The experiment concerned is called ARCADE 2, which is an somewhat contrived acronym derived from Absolute Radiometer for Cosmology, Astrophysics and Diffuse Emission. It is essentially a balloon-borne detector designed to analyse radio waves with frequencies in the range 3 to 90 Ghz. The experiment actually flew in 2006, so it has clearly taken considerable time to analyse the resulting data.

Being on a balloon that flies for a relatively short time (2.5 hours in this case) means that only a part of the sky was mapped, amounting to about 7% of the whole celestial sphere but that is enough to map a sizeable piece of the Galaxy as well as a fairly representative chunk of deep space.

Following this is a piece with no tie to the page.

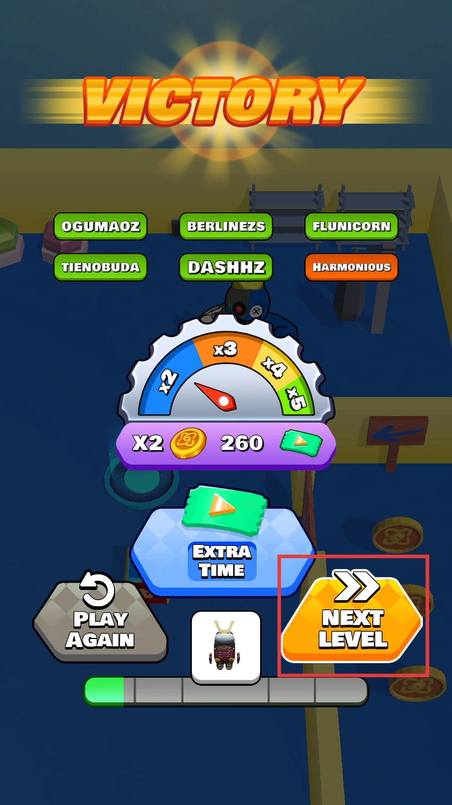 4、胜利后点击【NEXTLEVEL】,继续体验刺激追捕,挑战更高难度吧。

There are four science papers on the arXiv about this mission: one describes the instrument itself; another discusses radio emission from our own galaxy, the Milky Way; the third discusses the overall contribution of extragalactic origin in the frequency range covered by the instrument; the last discusses the implications about extragalactic sources of radio emission.

The thing that jumps out from this collection of very interesting science papers is that there is an unexplained, roughly isotropic, background of radio noise, consistent with a power-law spectrum. Of course to isolate this component requires removing known radio emission from our Galaxy and from identified extragalactic sources, as well as understanding the systematics of the radiometer during its flight. But after a careful analysis of these the authors present strong evidence of excess emission over and above known sources. The spectrum of this radio buzz falls quite steeply with frequency so appears in the two long-wavelength channels at 3 and 8 GHz.

So where does this come from? Well, we just don’t know.

The problem is that no sensible extrapolation of known radio sources to high redshift appears to be able to generate an integrated flux equivalent to that observed. Here is a bit of the discussion from the paper:

It is possible to imagine that an unknown population of discrete sources exist below the flux limit of existing surveys. We argue earlier that these cannot be a simple extension of the source counts of star-forming galaxies. As a toy model, we consider a population of sources distributed with a delta function in flux a factor of 10 fainter than the 8.4 GHz survey limit of Fomalont et al. (2002). At a flux of 0.75 μJy, it would take over 1100 such sources per square arcmin to produce the unexplained emission we see at 3.20 GHz, assuming a frequency index of −2.56. This source density is more than two orders of magnitude higher than expected from extrapolation to the same flux limit of the known source population. It is, however, only modestly greater than the surface density of objects revealed in the faintest optical surveys, e.g., the Hubble Ultra Deep Field (Beckwith et al. 2006).  The unexplained emission might result from an early population of non thermal emission from low-luminosity AGN; such a source would evade the constraint implied by the far-IR measurements.

The point is that ordinary galaxies produce a broad spectrum of radiation and it is difficult to boost the flux at one frequency without violating limits imposed at others. It might be able to invoke Active Galactic Nuclei (AGN) to do the trick, but I’m not sure. I am sure there’ll be a lot work going on trying to see how this might fit in with all the other things we know about galaxy formation and evolution but for the time being it’s a mystery.

I’m equally sure that these results will spawn a plethora of more esoteric theoretical explanations, inevitably including the ridiculous as well as perhaps the sublime. Charged dark matter springs to mind.

Or maybe it’s not even extragalactic. Could it be from an unknown source inside the Milky Way? If so, it might shed some light on the curiosities we find in the cosmic microwave background that I’ve mentioned here and there, but it seems to peak at too low a frequency to account for much of the overall microwave sky temperature.

But it does have a lesson for astronomy funders. ARCADE 2 is a very cheap experiment (by NASA standards). Moreover, the science goals of the experiment did not include “discovering a new cosmic background”. It just goes to show that even in these times of big, expensive and narrowly targetted missions there is still space for serendipity.